Социология государства и социология свободы

От редакции. 22 июля скончался замечательный российский ученый Дмитрий Фурман. Резонанс его исследований в области социологии и современной политической истории России выходил далеко за пределы научной среды. Они имели общественное звучание. Дмитрий Фурман был социальным философом и публицистом. т.е. тем, что в англоязычной среде называют public philosopher. О наследии Дмитрия Фурмана размышляет Александр Марков, научный сотрудник МГУ имени М.В. Ломоносова, философ, теоретик культуры.

* * *

Дмитрий Ефимович Фурман был первым социологом из поколения шестидесятников, который понял не только идеологическую, но и географическую ограниченность «шестидесятничества». В то время, как многие его коллеги продолжали примеривать идеалы социалистического производства к меняющейся реальности, думая о том, как можно сохранить эффективную мобилизационную экономику в обществе, которое уже не желает мобилизаций, - Фурман уже исследовал, как вал потребления захватывает «центры», как капиталистические, так и социалистические, вытесняя былые идеалы на периферию.

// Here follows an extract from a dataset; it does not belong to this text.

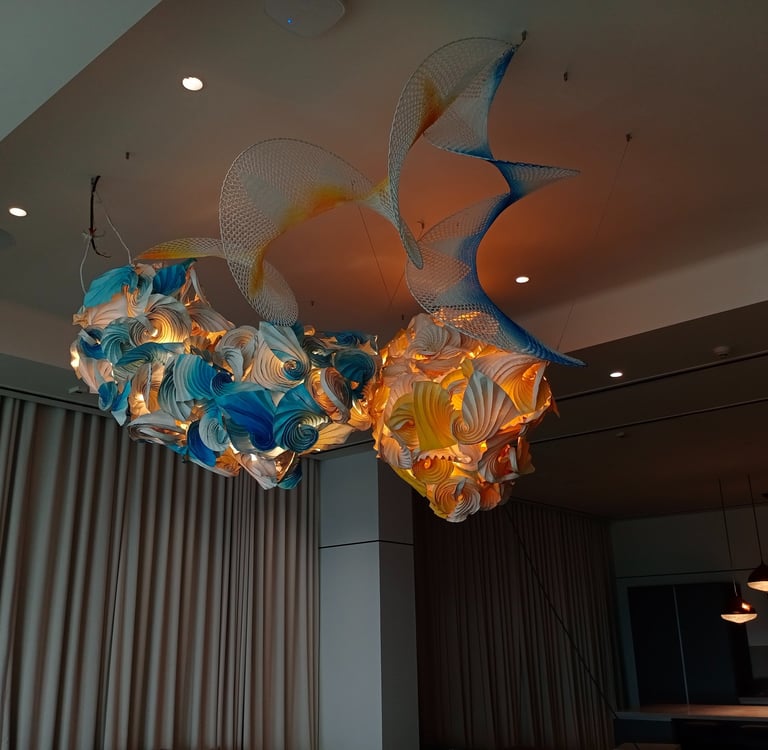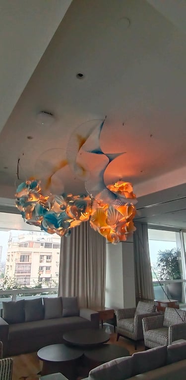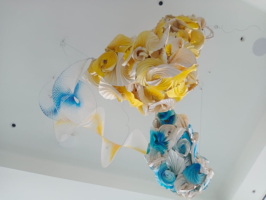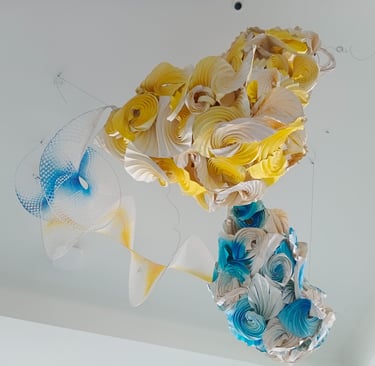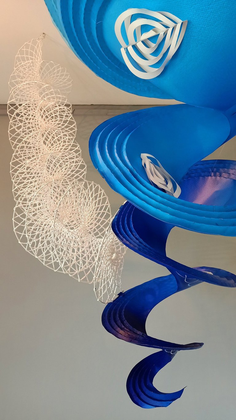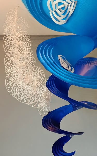 Antara has embraced the Buddhist symbol 'Unalome', which represents the journey of individual transcendence into universal consciousness. She sculpturally represents this symbol through a hand-folded and hand-painted kalmon chain origami spiral, infused with the spiritually significant color blue. This primary form is layered with lotuses, symbolizing steps towards reaching Buddha-hood, and meticulously detailed drawings reflecting the sound frequencies of the Buddhist mantra “Nam Myo Ho Ren Ge Kyo,” embodying the six steps of devotion to the mystic law of the Lotus Sutra. Together, these artists intertwine mantras from two different religious traditions, transcending religion to speak about self-growth and evolution.

Магистральная тема размышлений Фурмана – природа государственной власти. Анализ внутренней политики был всегда для него определяющим: рассматривая становление политических институтов в государствах, возникших после распада СССР, он очень редко ссылался на воздействие внешних факторов, и тем более общемировых тенденций. Он стремился вскрыть особенности политической жизни на постсоветском пространстве исходя не просто из внутренних конфликтов между группами, сколько из идеалов «элиты» и «населения». «Элита» обычно руководствуется идеалами, которые в готовом виде берутся из опыта прошлого, тогда как «население» воображает себе идеалы по противоположности той мрачной действительности, которую видит вокруг. Согласно Фурману, переход таких стран, как Казахстан или Азербайджан, от демократических процессов к авторитарной модели управления, определялся не столько чаяниями масс, сколько несоответствием между широкими возможностями элиты и отсутствием у неё ясных представлений о том, по какому пути должна развиваться страна.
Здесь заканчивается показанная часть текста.